Долгие годы после школы я стеснялась моей неспортивности, неуклюжести — одним словом, того, что я «лоханка». А когда я осмелилась заговорить об этом с другими, исподволь и осторожно, то оказалось, что их мучают такие же воспоминания. У каждого был свой господин Эберт, и все продолжали чувствовать жесткую хватку железных пальцев, жгучий яд насмешек. Мои сверстники столько падали в школьные годы на гимнастические маты, что память об этом жива до сих пор и неистребима. Физическое воспитание нанесло нам немало душевных травм.

Разумеется, тут немало предвзятости и субъективности. Возможно, следует взглянуть на это шире, увидеть проблемы, трудности, достижения, без которых невозможна правильная оценка. Но широкого взгляда мне не хватает — я до сих пор лежу на школьных матах.

Внимательно выслушав меня, Генри улыбнулся и повторил:

— Не надо. Это безнадежно.

Вечером мы пошли в кино, чтобы не сидеть в гостиничном ресторане или в своих номерах. Перед этим поужинали в «Черном льве». Это была, скорее, пивная, где остался только суп-гуляш, который подавался в чашках. Мы попросили налить каждому в тарелку по три порции и взяли много хлеба, так как проголодались, а возвращаться в гостиницу не хотелось. Больше поужинать было негде: все уже закрылось. Суп был водянист, и мы навалились на хлеб. Завсегдатаи, пожилые мужчины или мои ровесники, молча пили свое пиво и наблюдали за нами. Знакомых среди них не было.

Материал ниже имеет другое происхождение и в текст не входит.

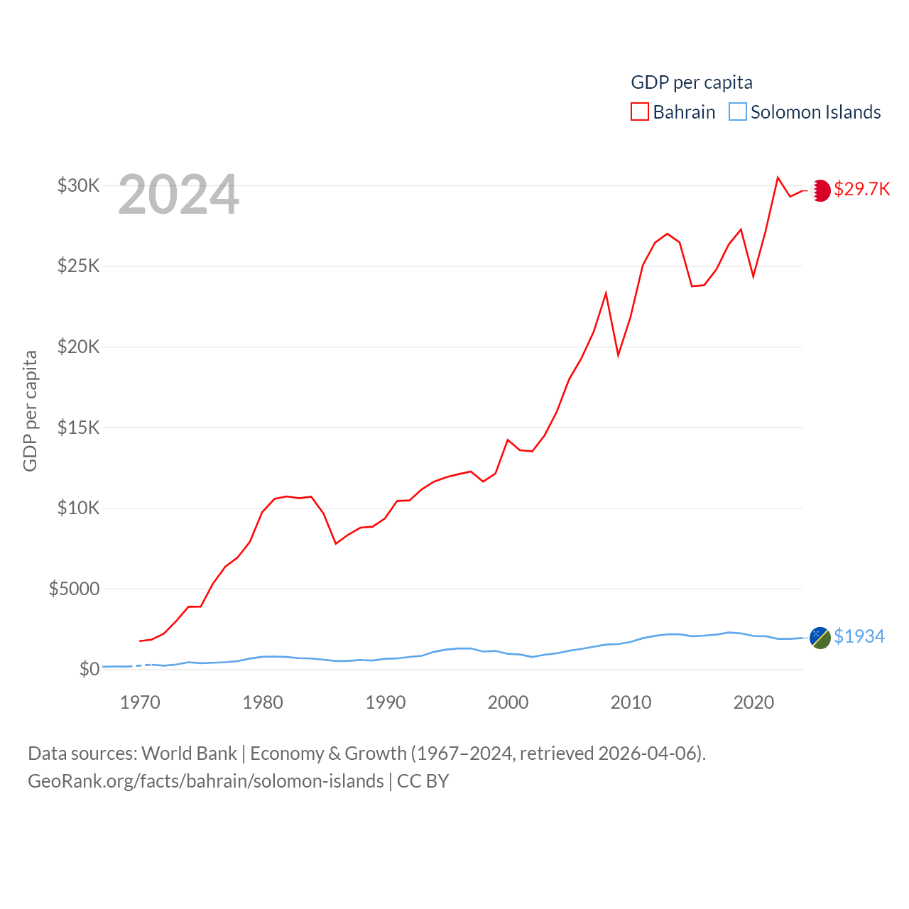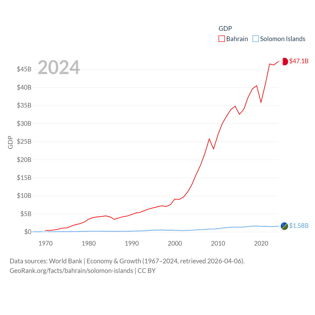 By GDP, Bahrain ranks 96/197 ($47.1B) and The Solomon Islands ranks 182/197 ($1.58B). By GDP per capita, Bahrain ranks 42/197 ($29,654), while The Solomon Islands ranks 157/197 ($1,934).

В кассе кинотеатра пришлось ждать. Кассирша сказала, что фильм демонстрируется лишь в том случае, если наберется не меньше пяти зрителей. Перед кинотеатром стояли два подростка. Мы ждали в фойе и курили.

В пять минут девятого подростки вошли в фойе с двумя девочками и попросили четыре билета. Кассирша хмуро начала их отрывать. Но одна из девочек неожиданно сказала, что не пойдет в кино, и выскочила из фойе. Подруга пошла за ней. Потом на улицу побежал один из подростков и вернулся с обеими подружками. Намотав на палец волосы первой девочки, он тянул ее за собой. У кассы отпустил. Девочки согласились пойти в кино, но не хотели покупать билеты. Пусть за них платят ребята. Те отказывались. Наконец кассирша сердито закричала на всю четверку, и девочки выложили деньги.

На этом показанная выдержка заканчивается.